• [Exercise aim]:
Nothing but the lines below from the one containing "Best Dad Ever" through the one containing "每个key存储时,先经过哈希" should appear in the answer, exact and without pictures.

• [Data listing]:
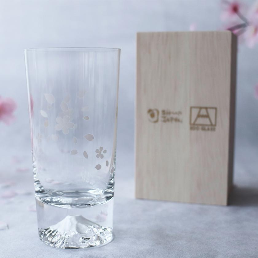 冷感シリーズの人気タンブラーです。グラスの底には江戸硝子の技術を駆使した富士山モチーフが施されていてオリジナリティに溢れた逸品。冷たい飲み物で色付く桜と相まって華やかで豪華な印象です。高級感あふれる木箱入りで、お祝いギフトなどにもぴったりですよ。
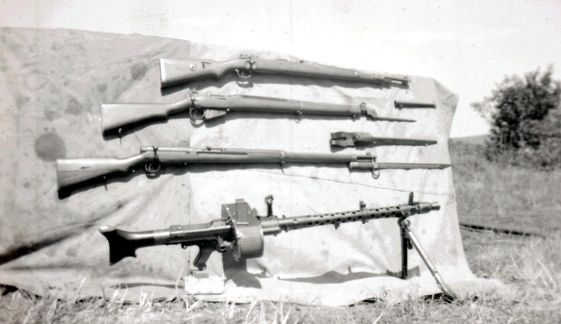 After returning from Kiska: A FSSF display including a captured Japanese Arisaka rifle, along with a German MG34 LMG and Mauser Karabiner 98k rifle, along with a Canadian Lee-Enfield No. 4 Mk I (not used by the Forcemen). Author’s photo collection.
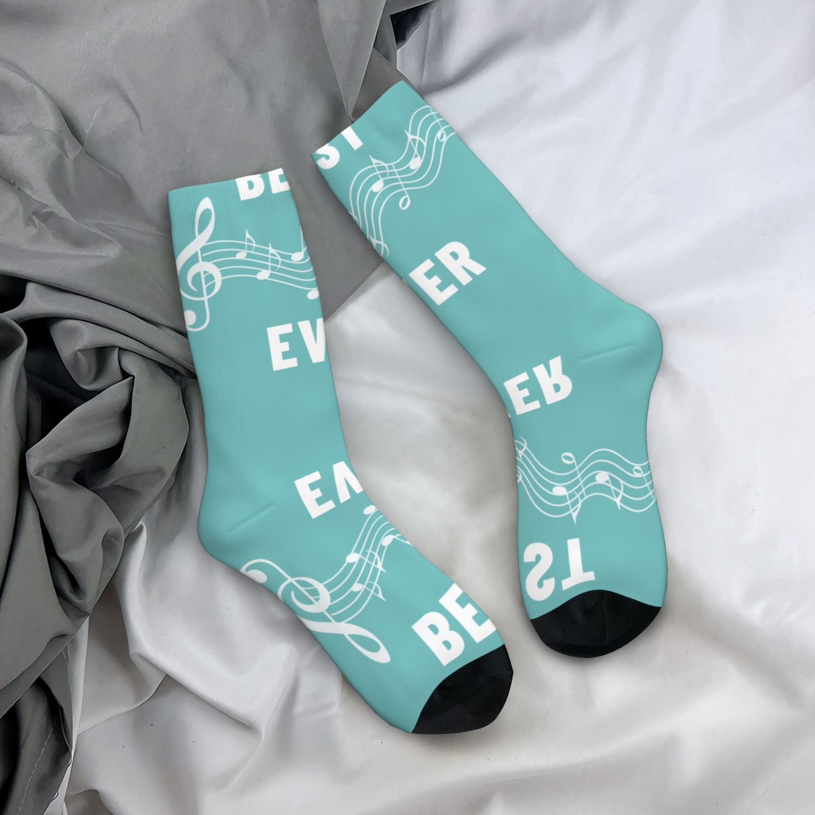 Best Dad Ever Music Note Casual Sock Fun Colorful Socks Patterned Athletic Crew Sock Hiking Socks Unisex Outdoor Sport Running
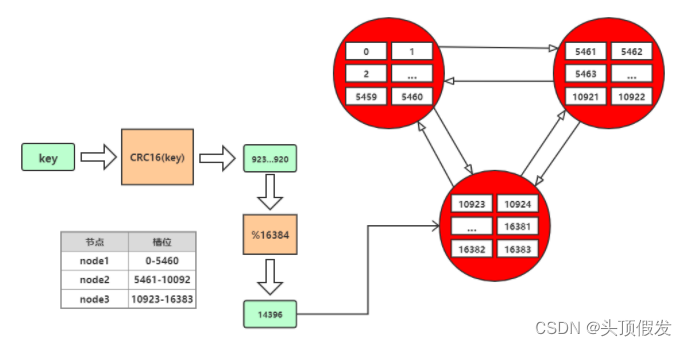 每个key存储时,先经过哈希函数CRC16(key)得到一个整数,然后整数与16384取余,得到槽的数值,然后找到对应的节点,将数据存放入对应的槽中。
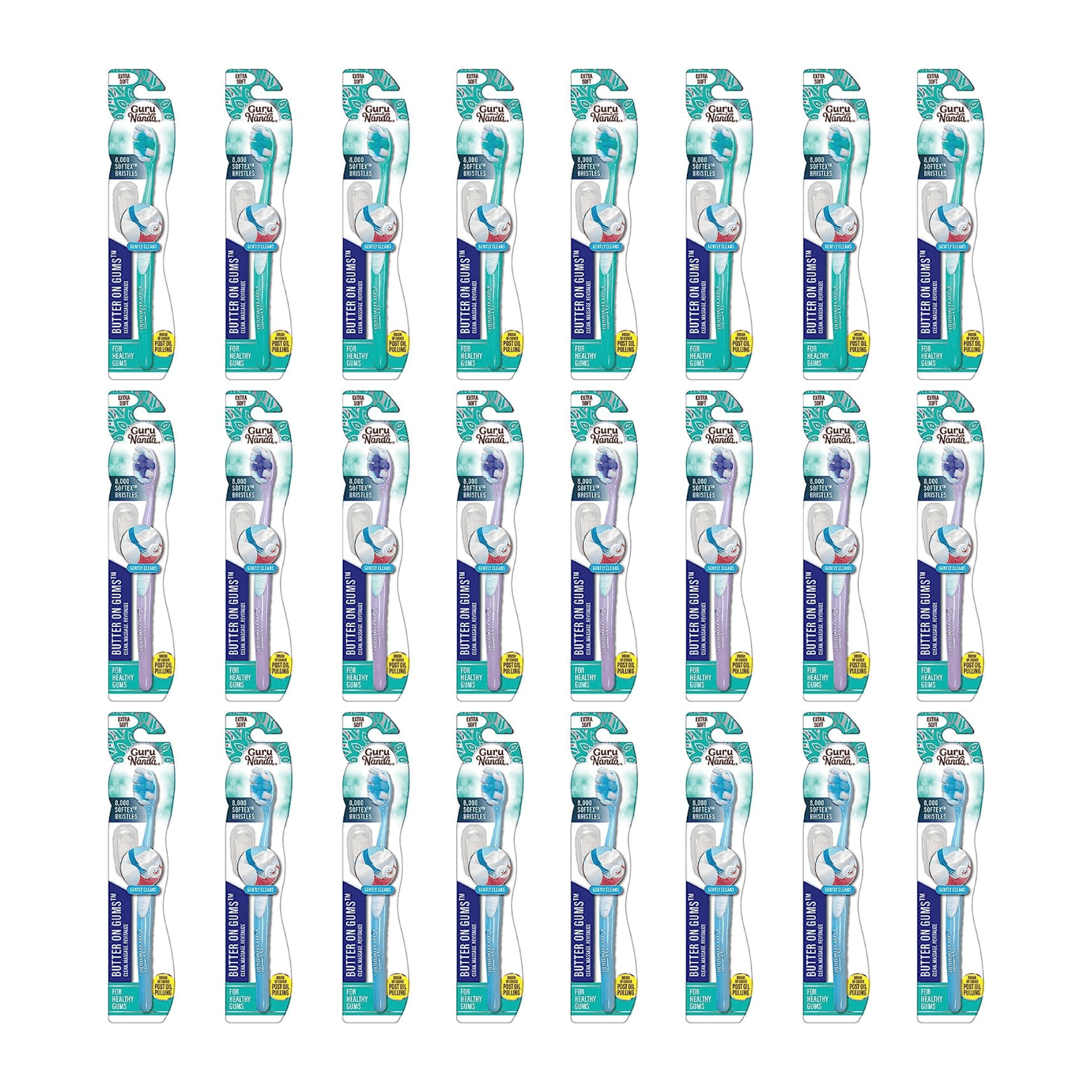 - EXTRA SOFT BRISTLES FOR SENSITIVE GUMS: GuruNanda Butter on Gums Toothbrush (Pack of 24) is made with 8000+ SoftexTM bristles technology, which compromises of ultra-soft bristles, to help reduce receding gums, and is gentle for sensitive teeth.?
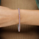 Elevate your style with our Unisex Classic Tennis Bracelet, showcasing stunning Round Shape Created Ruby exquisitely adorned in a secure Prong Setting. This bracelet is a versatile and timeless accessory, perfect for both men and women, offering a touch of sophistication and elegance to any attire or occasion.
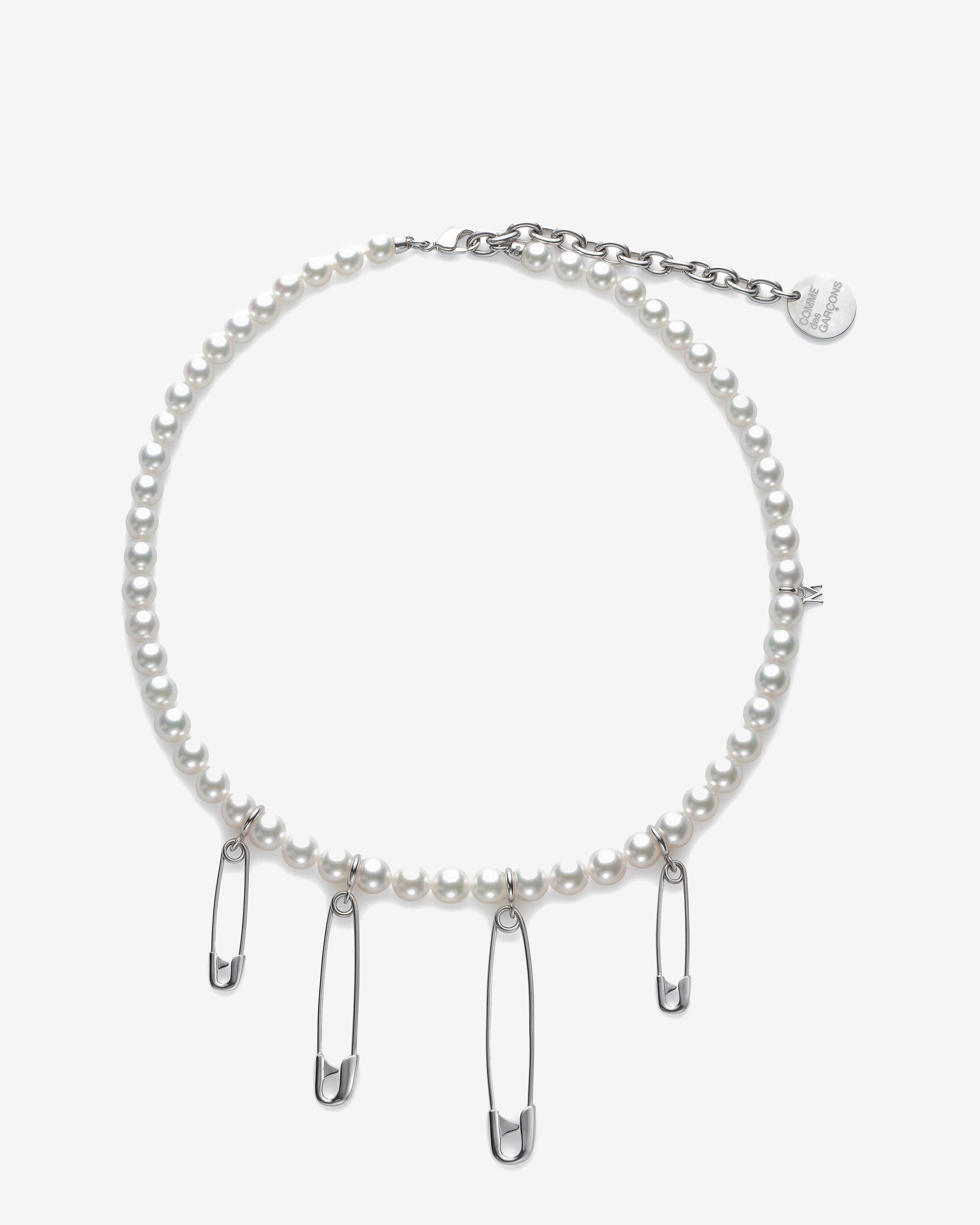 From the second fine jewelry collaboration between COMME des GARÇONS and MIKIMOTO is this pearl and silver safety pin necklace.

• [Task result]:
 Best Dad Ever Music Note Casual Sock Fun Colorful Socks Patterned Athletic Crew Sock Hiking Socks Unisex Outdoor Sport Running
 每个key存储时,先经过哈希函数CRC16(key)得到一个整数,然后整数与16384取余,得到槽的数值,然后找到对应的节点,将数据存放入对应的槽中。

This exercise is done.